Why? R was created to facilitate working with data. The R language is a dialect of the S language developed by John Chambers from Bell Labs around 1976. The S language was developed for interactive data analysis. Numerous solutions were introduced to it to simplify data processing.

The first version of R was developed in 1991 by Robert Gentleman and Ross Ihaka (also known as R&R) who worked in the Department of Statistics at the University of Auckland. Initially, the R package was meant as a teaching resource at that university. At the same time, it was an open project, which is why it quickly gained in popularity. Since 1997, over twenty people worked on the development of R, thus constituting the so-called core team. The team comprises experts from various fields (statistics, mathematics, numerical methods, and computer science in a broad sense) from all over the world. The number of people developing R grew quickly. Today, the project is developed by “The Foundation for Statistical Computing” that has hundreds of members. Apart from that, there are thousands of people all around the world who share their own packages with various functions. The number of R libraries grows rapidly. In 2016, there were over 10,000 packages in the main CRAN repository (see Figure 1.1). Apart from that, there are thousands of packages that are private or placed in other repositories.
Number of R packages in the cran repository, as of November 2016.

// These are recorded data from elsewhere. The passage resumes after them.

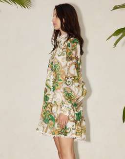 Alemais Octavia Mini Ruffle Dress Linen Long Sleeve Multi Size AU 8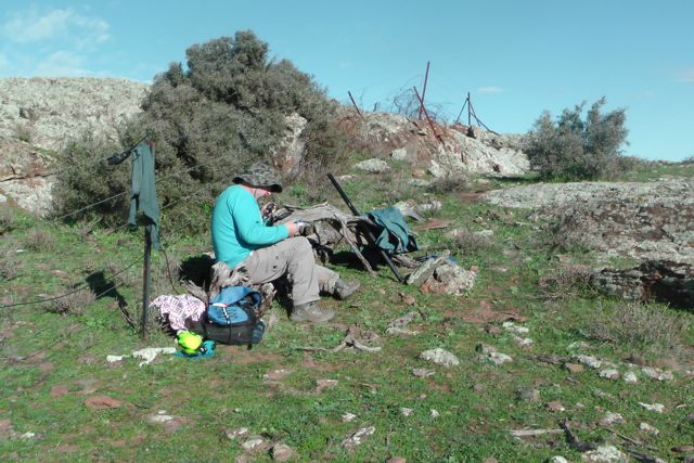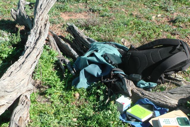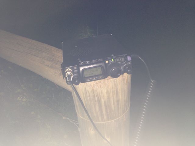 We found a dead tree limb lying on its side alongside the fence, not far from the permapine post, and this looked like a nice seat. I set up my Yaesu FT-817nd, with Ian’s Elecraft KX3 at the ready. During the course of the weekend I had lost the DC cable for the radio, so I was relying on the internal NIMH battteries lasting the distance.
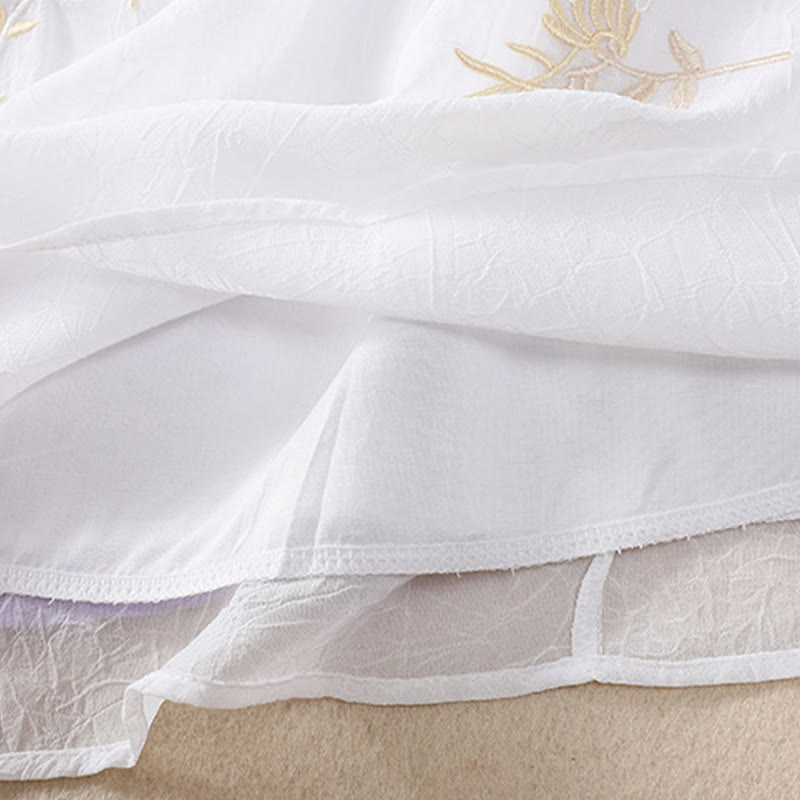 Buddha Stones Embroidery Plants Flower Half Sleeve Plain Frog-Button Stand Collar Women's Shirt - Snow - US8-10,UK/AU12-14,EU40-42 (2XL) - image 10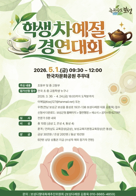 À̹ø ´ëȸ´Â ¿ì¸® ÀüÅë Â÷¹®ÈÀÇ °è½Â°ú û¼Ò³âµéÀÇ ¿Ã¹Ù¸¥ ¿¹Àý ÇÔ¾çÀ» À§ÇØ ¸¶·ÃµÈ Çà»ç·Î, Âü°¡ ½ÅûÀº À̸ÞÀÏ ¶Ç´Â µî±â¿ìÆíÀ» ÅëÇØ °¡´ÉÇϸç, Âü°¡ ´ë»óÀº Àü±¹ ÃÊ¡¤Áß¡¤°íµîÇлýÀÌ´Ù.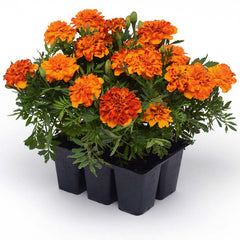 Longer blooming compared to African types, gardeners enjoy French marigolds up through frost. Ideal to use in flower beds, edges, mass plantings, and containers. Crested French marigolds have multiple layers of flattened outer petals and a short center tuft, or 'crest'.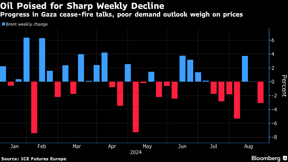 (Bloomberg) -- Oil headed for a weekly loss — after hitting the lowest close since January midweek — on a challenging demand outlook, sinking product prices, and US efforts to secure a cease-fire in Gaza.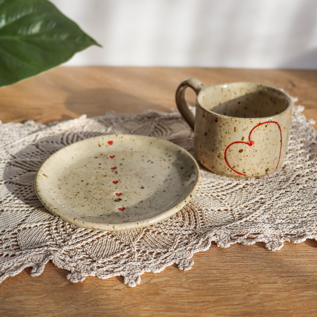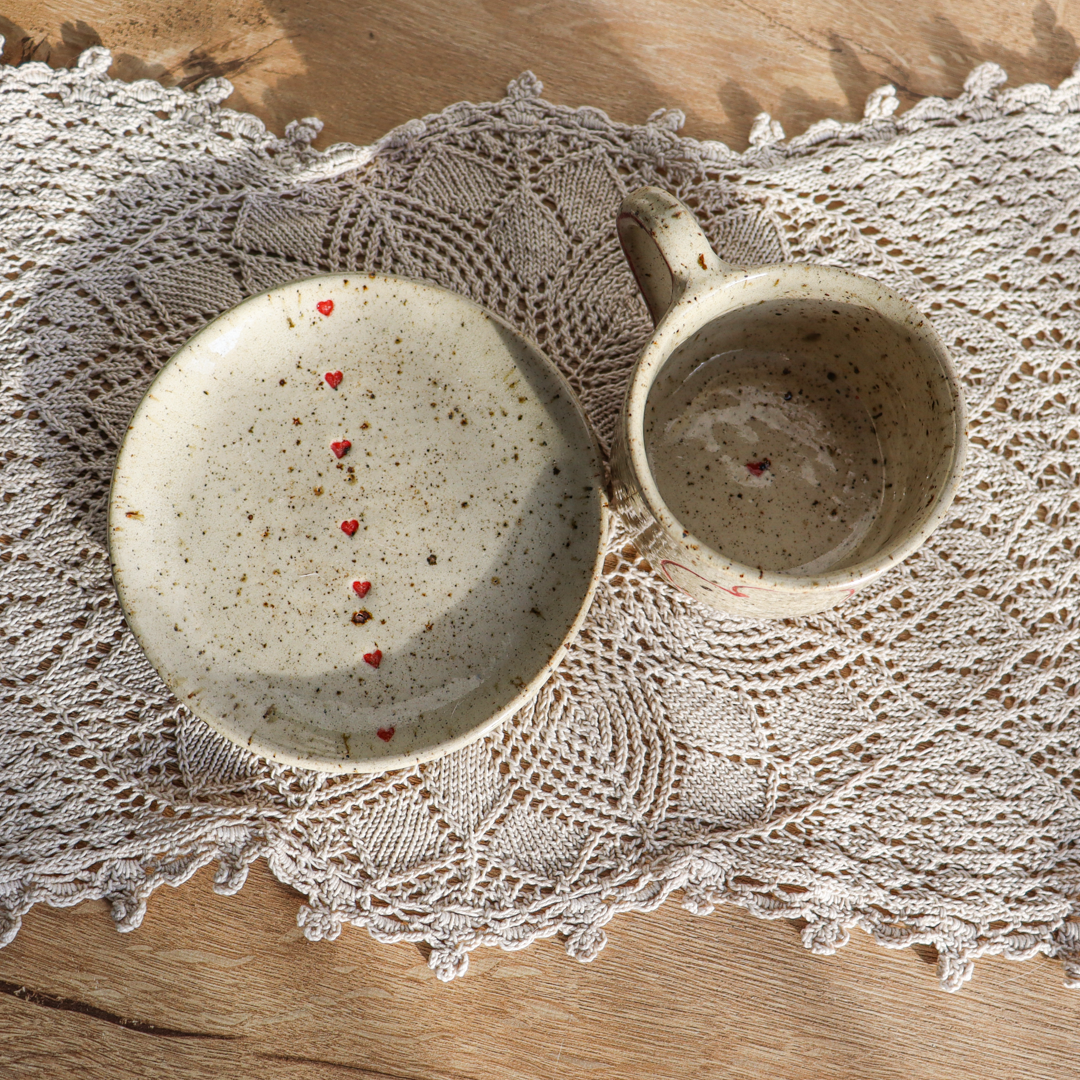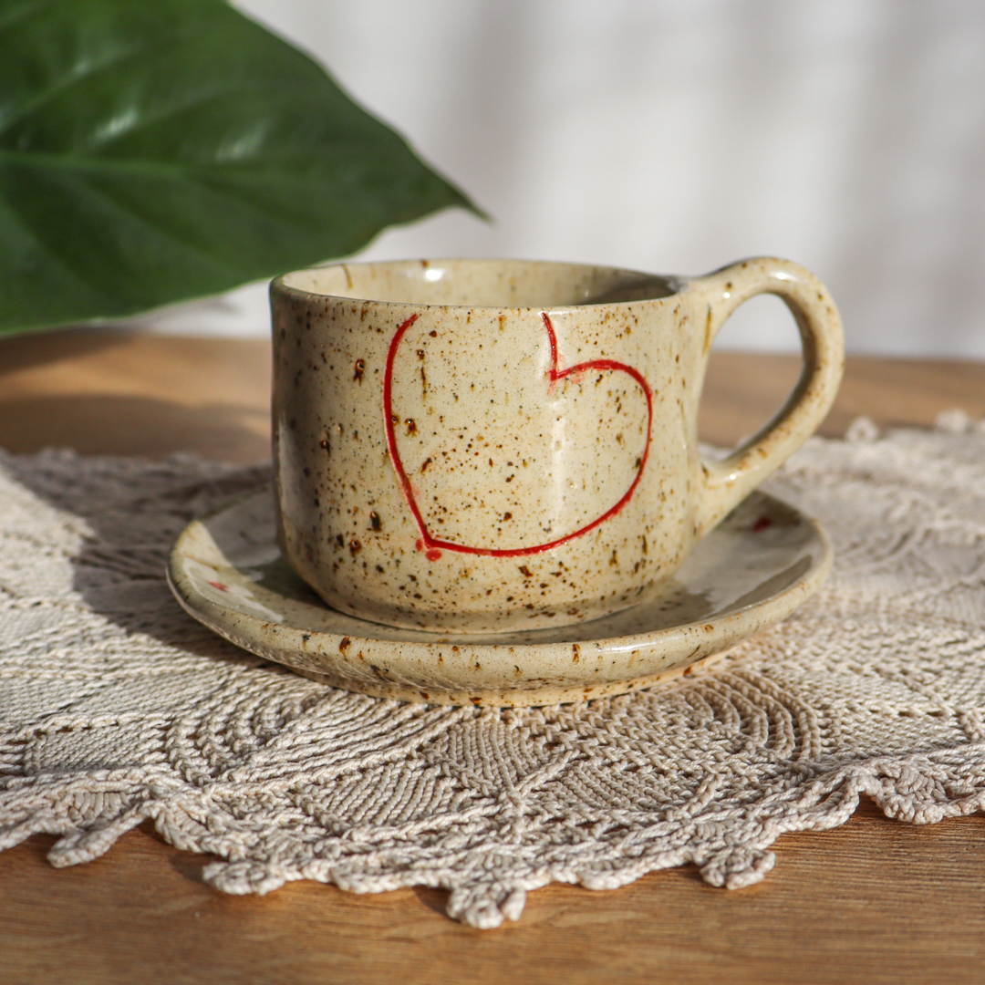 Stworzona dla małych przyjemności ceramiczna filiżanka ze spodkiem w komplecie o pojemności 130ml. Ręcznie wykonana z jasnobeżowej gliny, charakteryzującej się drobnymi brązowymi piegami. Ozdobiona konturami serc na powierzchni oraz uroczymi małymi serduszkami na spodeczku.

Figure 1.1: Number of R packages in the cran repository, as of November 2016.

R is a GNU project based on the GNU GPL license, which means it is free of charge for both educational and commercial use. More information about GNU GPL can be found at [53]. The R platform has excellent documentation available as PDF files or HTML pages. The documentation is mostly in English, but some files have other language versions as well.

The R language has been developed for people dealing with data from the very beginning. This is why it was frequently treated as a domain-specific language (DSL) by many computer scientists rather than a full-featured language. As time went by, however, the capabilities of R expanded and more solutions outside the field of data analysis appeared. Today, R is one of the most popular programming languages.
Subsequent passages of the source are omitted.